Implies -X unless -m is set.

--show-limits
Display the limits on the command-line length which are imposed by the operating
system and the -s option. Pipe the input from /dev/null (and perhaps specify
--no-run-if-empty) if you don't want GNU parallel to do anything.

--semaphore
Work as a counting semaphore. --semaphore will cause GNU parallel to start
command in the background. When the number of simultaneous jobs is reached, GNU
parallel will wait for one of these to complete before starting another command.

--semaphore implies --bg unless --fg is specified.

--semaphore implies --semaphorename `tty` unless --semaphorename is specified.

Used with --fg, --wait, and --semaphorename.

The command sem is an alias for parallel --semaphore.

See also man sem.

--semaphorename name
--id name
Use name as the name of the semaphore. Default is the name of the controlling tty
(output from tty).

The default normally works as expected when used interactively, but when used in
a script name should be set. $$ or my_task_name are often a good value.

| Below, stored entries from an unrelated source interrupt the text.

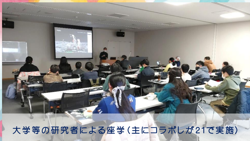
大学等の研究者による座学(主にコラボしが21で実施)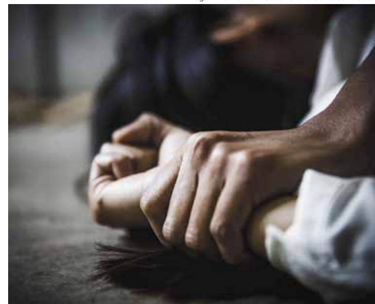
Um dos filhos do casal foi ferido tentando defender a mãe

Vizinhos relataram à Polícia que o homem também teria tentado incendiar o apartamento, abrindo o registro de gás. A tragédia só não foi maior ainda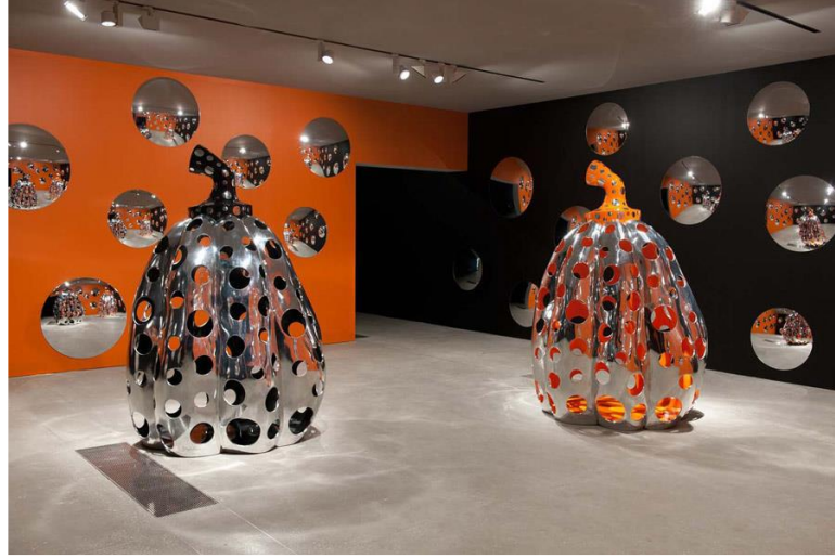
Resim 8: Balkabağı Heykeli (Pumpkin Sculpture), 1993.

Kaynak: https://repositorij.ttf.unizg.hr/islandora/object/ttf%3A126/datastream/PDF/view

The semaphore is stored in ~/.parallel/semaphores/

Implies --semaphore.

See also man sem.

--semaphoretimeout secs
If the semaphore is not released within secs seconds, take it anyway.

Implies --semaphore.

See also man sem.

--seqreplace replace-str
Use the replacement string replace-str instead of {#} for job sequence number.

--shebang
--hashbang
GNU parallel can be called as a shebang (#!) command as the first line of a
script. The content of the file will be treated as inputsource.

Like this:

#!/usr/bin/parallel --shebang -r traceroute

foss.org.my
debian.org
freenetproject.org

--shebang must be set as the first option.

On FreeBSD env is needed:

#!/usr/bin/env -S parallel --shebang -r traceroute

foss.org.my
debian.org
freenetproject.org

--shebang-wrap
GNU parallel can parallelize scripts by wrapping the shebang line. If the program
can be run like this:

cat arguments | parallel the_program

then the script can be changed to:

#!/usr/bin/parallel --shebang-wrap /the/original/parser --with-options

E.g.

#!/usr/bin/parallel --shebang-wrap /usr/bin/python

If the program can be run like this:

cat data | parallel --pipe the_program

then the script can be changed to:

#!/usr/bin/parallel --shebang-wrap --pipe /the/original/parser --with-options

E.g.

#!/usr/bin/parallel --shebang-wrap --pipe /usr/bin/perl -w

--shebang-wrap must be set as the first option.

--shellquote
Does not run the command but quotes it. Useful for making quoted composed
commands for GNU parallel.

--skip-first-line
Do not use the first line of input (used by GNU parallel itself when called with
--shebang).

--sshdelay secs
Delay starting next ssh by secs seconds. GNU parallel will pause secs seconds
after starting each ssh. secs can be less than 1 seconds.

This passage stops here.